By many standards, Amazon.com, Inc.’s (NasdaqGS:AMZN) announcement that it had entered into an agreement to acquire Whole Foods Market, Inc. (NasdaqGS:WFM) was extraordinary. Besides ranking as Amazon’s largest ever acquisition at $14.6 billion, the amount represents approximately 2.6x the aggregate disclosed value of $5.59 billion for all of Amazon.com’s previous acquisitions.

Prior to Whole Foods, the company’s top acquisition, according to S&P Global Market Intelligence data, was a $894.6 million purchase of online shoe retailer Zappos.com, Inc. from Venture Frogs, LLC, Sequoia Capital, Tenaya Capital, Millennium, and other shareholders for approximately $890 million in stock on July 22, 2009.

Amazon.com’s only other M&A deal this year was an agreement to acquire Middle East and North African e-commerce platform Souq.com FZ-LLC for approximately $650 million on March 28, 2017.

Leading Acquisitions Announced by Amazon.Com

Leading Acquisitions Announced by Amazon.comSource: S&P Global Market Intelligence, June 21, 2017

Aside from the value of the proposed deal, another significant aspect is that the transaction ranks as the second-largest U.S. M&A transaction ever announced in the grocery market and the largest since SUPERVALU Inc. entered into a definitive agreement to acquire Albertson’s Inc. in a deal valued at $16.3 billion (inclusive of assumed liabilities) in January 23, 2006.

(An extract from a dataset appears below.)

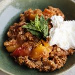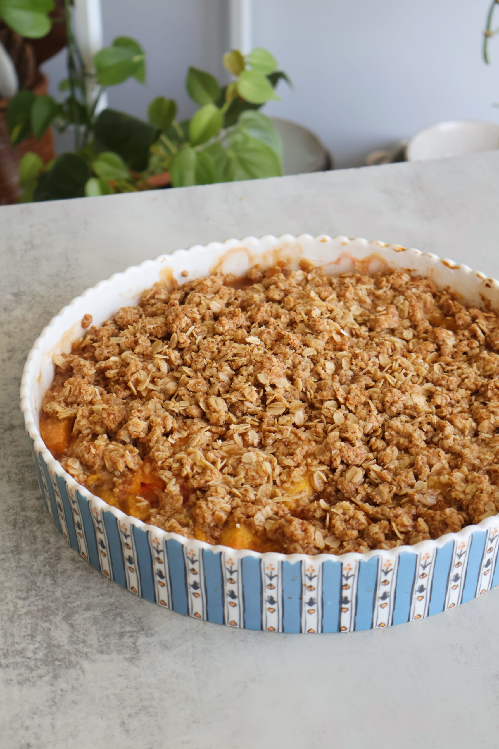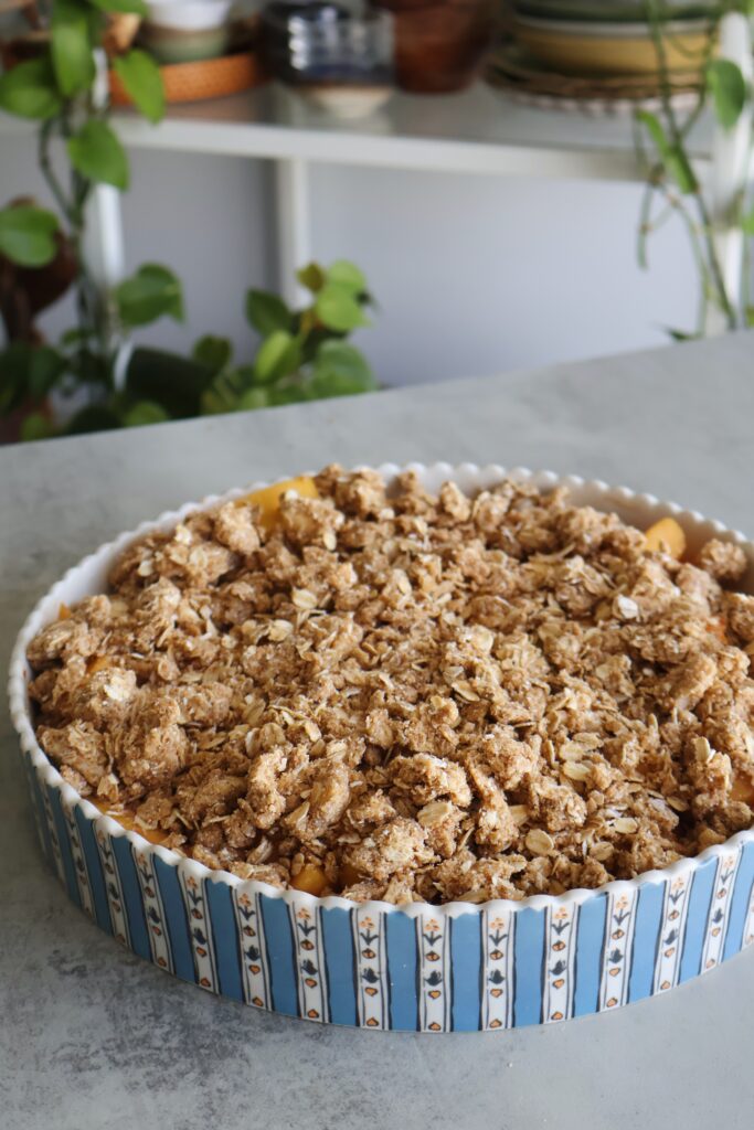 The base of peaches is sweetened with maple syrup and cinnamon, then topped with a cookie like oat topping. It’s a dessert that never disappoints, and is always on my dinner party menu.

Year-to-date there have been 26 announced M&A deals involving targets in the U.S. grocery market with a total disclosed value of $14.6 billion. That dollar amount already exceeds the annual dollar amount of U.S. grocery store M&A transactions in each of the years between 2007 to 2015. Furthermore, if the current year ended at this time, it would stand as the third-best year on record for U.S. grocery store M&A value, with only 2006’s total of $16.7 billion and 1998’s total of $18.5 billion being greater.

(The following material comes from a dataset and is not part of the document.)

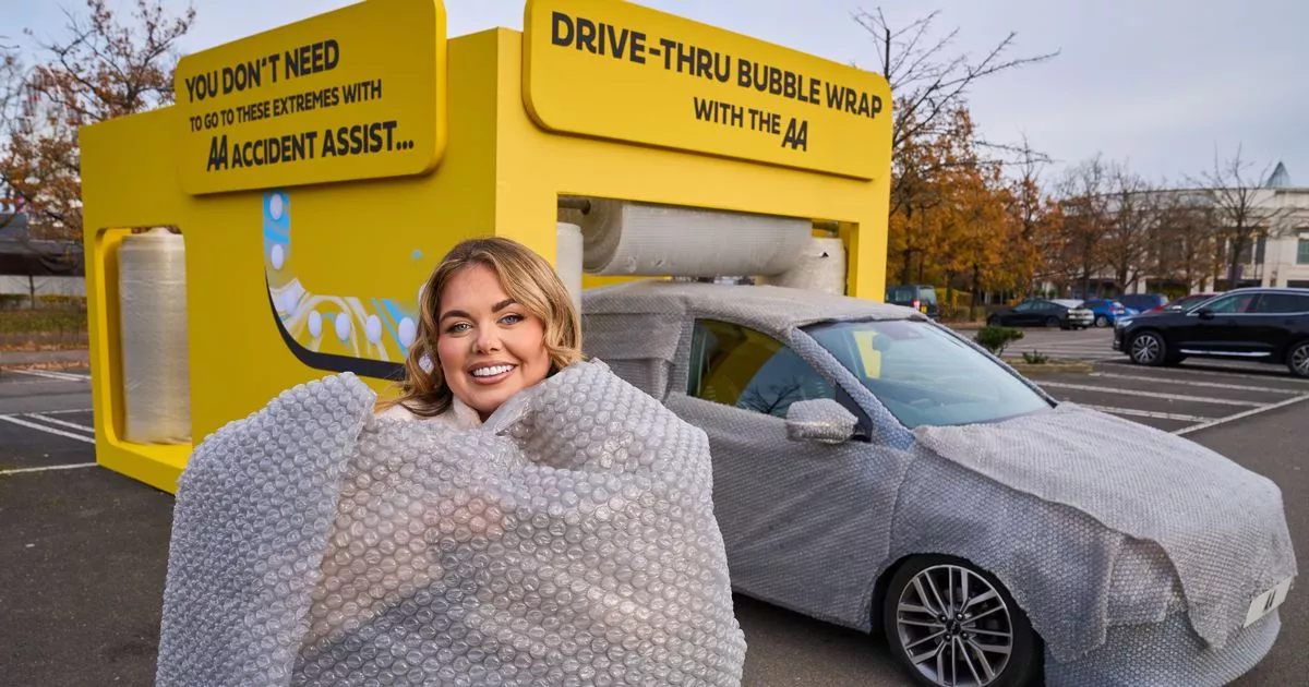Scarlett Moffatt tests new ‘drive-thru bubble wrap machine’ to protect cars from parking damage

Amazon’s largest ever acquisition at $14.6 billion

Additionally, in terms of valuation, based upon Whole Foods Market, Inc.’s EBITDA (earnings before interest, tax, depreciation and amortization) of $1.33 billion for the period of the last twelve months, the recent deal reveals a multiple of TEV (Total Enterprise Value)/EBITDA of nearly 11x. That stands as the fifth highest valuation among U.S. grocery stores M&A deals above $1 billion in disclosed value.

Leading U.S. Grocery Stores Industry M&A Transactions

Leading U.S. Grocery Stores Industry M&A Transactions

Source: S&P Global Market Intelligence, June 21, 2017

U.S. Grocery Stores M&A Deals -- Greater than $1 billion and Rank by Target’s TEV/EBITDA Multiple

U.S. Grocery Stores M&A Deals

Source: S&P Global Market Intelligence, June 21, 2017

This proposed acquisition has also triggered a reaction in the market-perceived credit quality in the industry.  The median one-year probability of default (PD) for the food retail industry within the United States, as measured by S&P Global Market Intelligence’s PD Model Market Signals, displayed a notable increase in risk immediately after the acquisition was announced and then climbed higher in the following week.

One Year Probability of Default

The median one-year PD sat at 3.73% on June 15, and deteriorated by 14% to 4.26% on June 16, finishing at 4.85% on June 23, a 30% rise overall. This model, which is influenced by the company’s stock performance as well as financial and systemic risk variables, demonstrates that the market is perhaps cautious about the prospects of the food retail industry in light of Amazon’s increasing footprint in the food industry.  During this same period, the PD for Whole Foods saw an improvement of 63%, falling to .021% from .057% pre-announcement.

However, this is not necessarily a “done deal”. As of June 27, 2017 WFM’s stock is trading above the $42.00 per share that Amazon.com offered, a competing bid may emerge. Prior to the recent Amazon.com announcement, a number of potential suitors - from private equity buyers to strategic buyers such as such grocers The Kroger Co. or Albertson Companies, Inc. – were named as possible acquirers of Whole Foods Market. While historically competing or unsolicited M&A bids are often unsuccessful, the fact that the target’s current price stands above the buyer’s offer price suggests that the market may be looking for a rival bid for the company. We will be closely watching whether such a development occurs.